### Task statement:
Copy the data below exactly. Any pictures in it should be omitted.

### Provided entries:
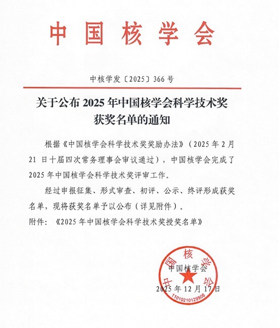 据悉,中国核学会科学技术奖由中国核学会组织,是核科技领域具有重要权威性的奖项。其中自然科学奖聚焦核科技领域阐明自然现象、特征和规律的重大科学发现,其一等奖对应“取得重要科学发现,对核科技相关学科发展有重要推动作用或为相关技术突破提供重要理论基础”的核心标准,是对基础研究成果的高度认可。
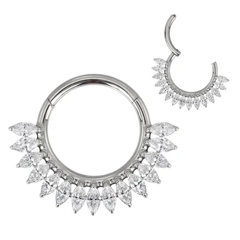 G23 Titanium Nose Rings PIERC Fan-shaped and Side Zircon Ring...
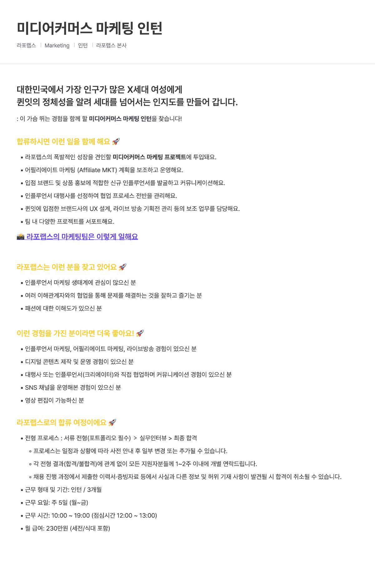 [라포랩스/퀸잇] 미디어커머스 마케팅 인턴
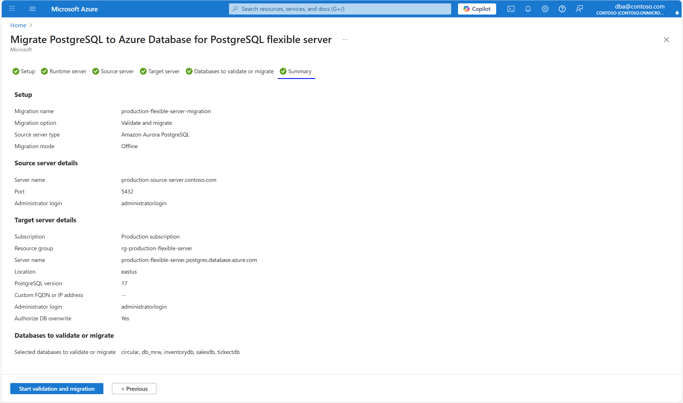 The Summary tab summarizes all the source and target details for creating the validation or migration. Review the details and select Start validation and migration.
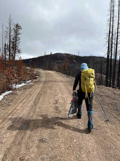 The first stretch of dry road requiring carrying snowshoes
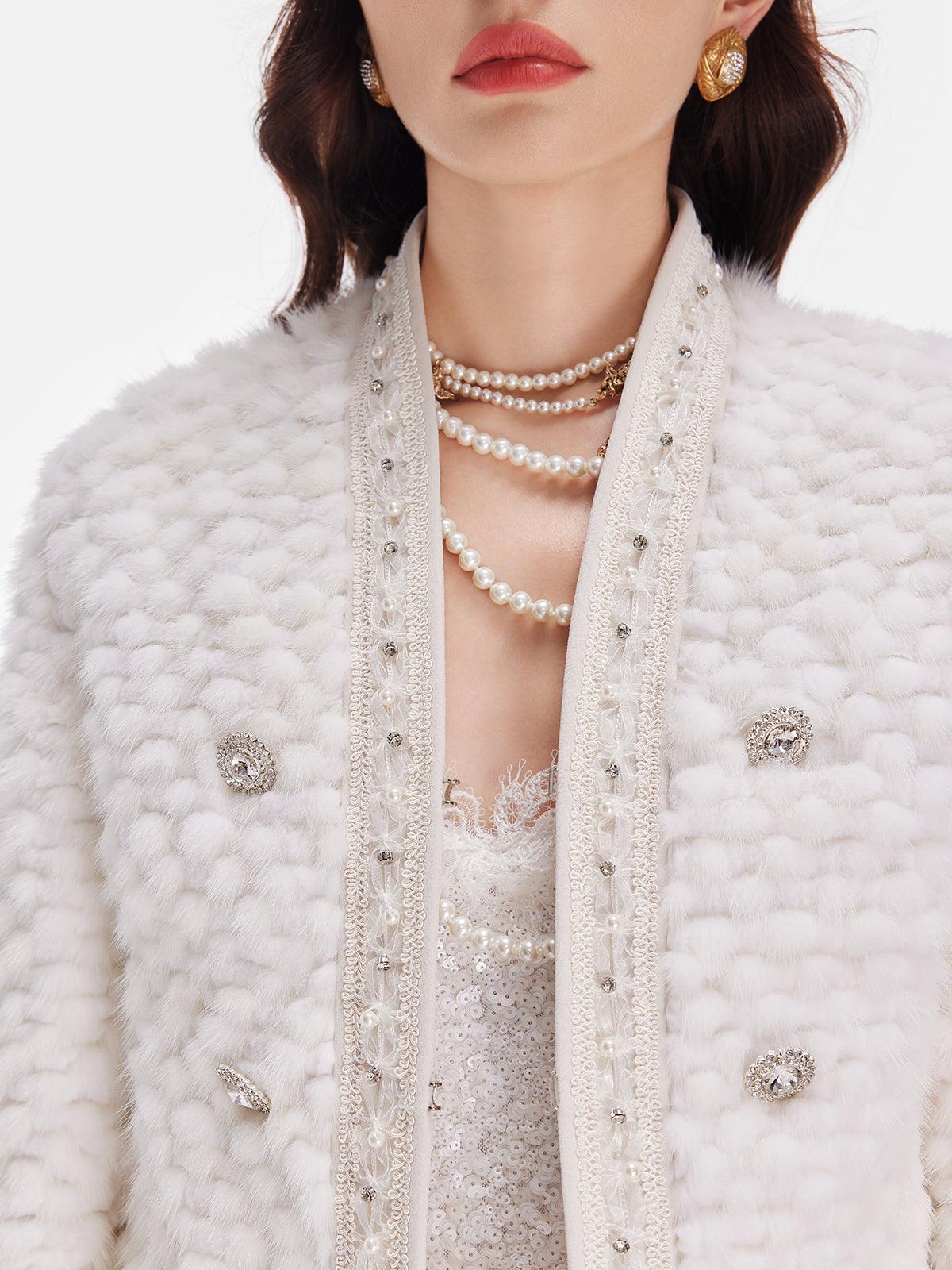 Lüks tasarımıyla öne çıkan bu beyaz kısa ceket, incili detayları ve düğme süslemeleriyle zarafeti yeniden tanımlıyor. Şıklığınızı tamamlamak için özel davetlerde veya günlük kombinlerinizde tercih edebilirsiniz. Hem sıcak tutan dokusuyla hem de göz alıcı görünümüyle stilinize değer katacak!
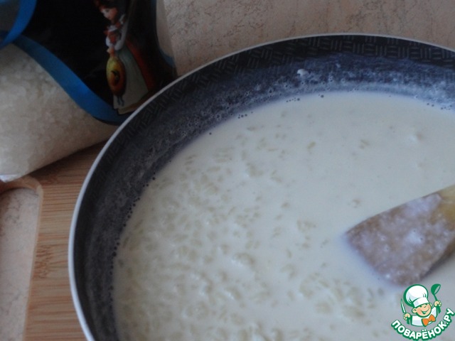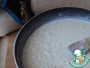 Подливая оставшееся молоко порциями по мере впитывания жидкости до тех пор, пока рис не станет очень мягким.
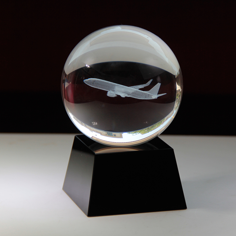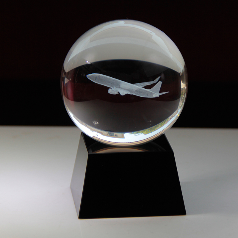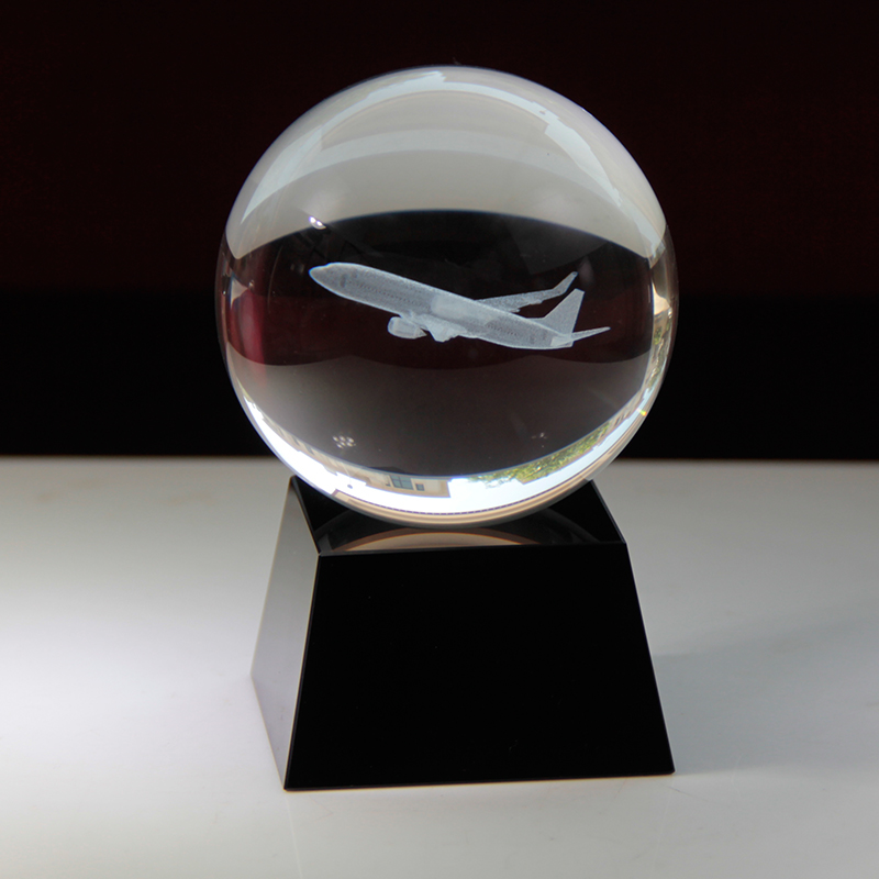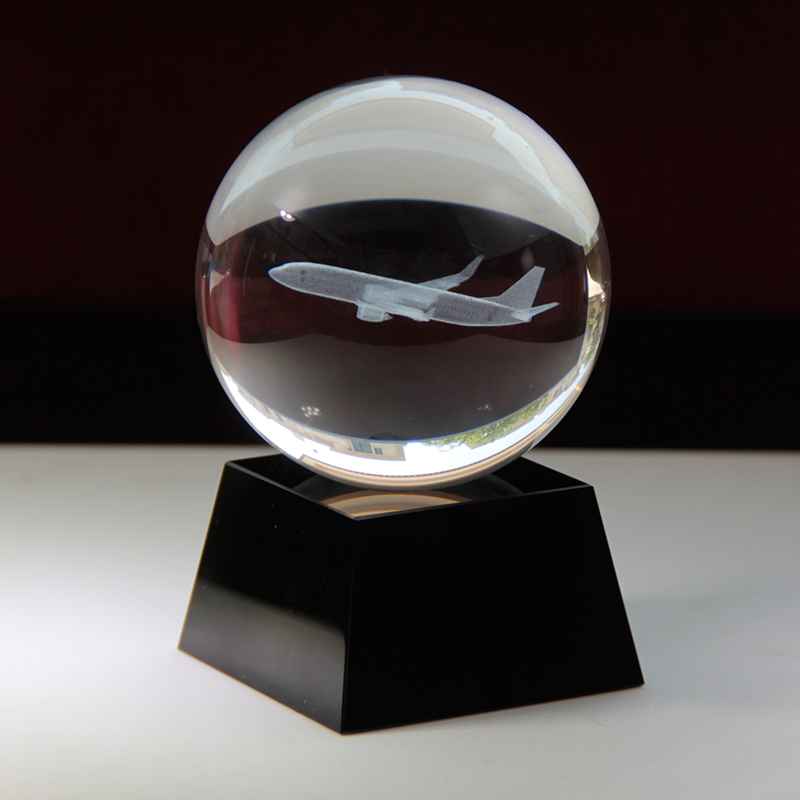 Crystal ball carved parts custom crystal 3D laser inner carving aircraft aeronautical souvenirs collection

### Answer below:
 据悉,中国核学会科学技术奖由中国核学会组织,是核科技领域具有重要权威性的奖项。其中自然科学奖聚焦核科技领域阐明自然现象、特征和规律的重大科学发现,其一等奖对应“取得重要科学发现,对核科技相关学科发展有重要推动作用或为相关技术突破提供重要理论基础”的核心标准,是对基础研究成果的高度认可。
 G23 Titanium Nose Rings PIERC Fan-shaped and Side Zircon Ring...
 [라포랩스/퀸잇] 미디어커머스 마케팅 인턴
 The Summary tab summarizes all the source and target details for creating the validation or migration. Review the details and select Start validation and migration.
 The first stretch of dry road requiring carrying snowshoes
 Lüks tasarımıyla öne çıkan bu beyaz kısa ceket, incili detayları ve düğme süslemeleriyle zarafeti yeniden tanımlıyor. Şıklığınızı tamamlamak için özel davetlerde veya günlük kombinlerinizde tercih edebilirsiniz. Hem sıcak tutan dokusuyla hem de göz alıcı görünümüyle stilinize değer katacak!
 Подливая оставшееся молоко порциями по мере впитывания жидкости до тех пор, пока рис не станет очень мягким.
 Crystal ball carved parts custom crystal 3D laser inner carving aircraft aeronautical souvenirs collection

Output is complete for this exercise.